2017–2019 Mission Grant 18 — $75,000

nullWorkers at a homeless shelter in Waianae: Within a three-mile radius of the church, there are three homeless shelters, as well as 450-800 people living within the bushes of the homeless campsites. Within this community of 13,000, 29% of those under age 18 live below the poverty line. Estimates of more than 7,500 people live on Oahu's streets and beaches.
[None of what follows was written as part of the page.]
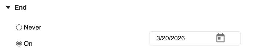 On: Choose a date for Workflow runs to end and then no longer run schedule after the date provided. In the example below, the final opportunity for the Workflow to run would be 3/19/2026 at 11:59:59pm. Once that run concludes, the Workflow will no longer trigger automatically. You will still have the option to go in and change this if you'd like it to start running again.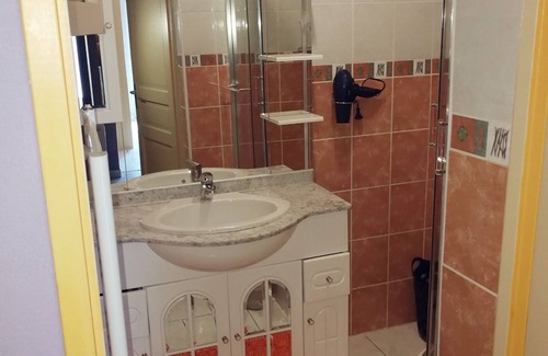 a bathroom with shower and set sink cabinet with hair dryer and additional heating towels are available in the furniture

Most people think of Hawaii as paradise, but to Native Hawaiians, Kanaka, it is quite a different place. In recent years, the number of homeless people in Hawaii has grown, with poverty rising, leaving few people in the middle class. Most of the ministry work is done in urban areas by non-Kanaka men and women to non-Kanaka people. To successfully engage the Kanaka people in the Christian faith and to provide the support and assistance that Kanaka people need to begin to overcome the serious social issues that plague them, missionaries must embrace the Kanaka culture. Clarence DeLude III (Kanaka), who is on staff with Lutheran Indian Ministries, is enrolled in the Cross-Cultural Ministry Center Program at Concordia University, Irvine, California, which leads to ordination. As a called and ordained servant of the Word, Clarence, a Native Hawaiian will be used as God’s instrument in bringing the Gospel of Jesus Christ to his fellow Kanaka people. Grant funds would be used for scholarships for Clarence, VBS/Teen Camp, on-going Bible study, and Sexual Abuse and Leadership Training (SALT) seminars.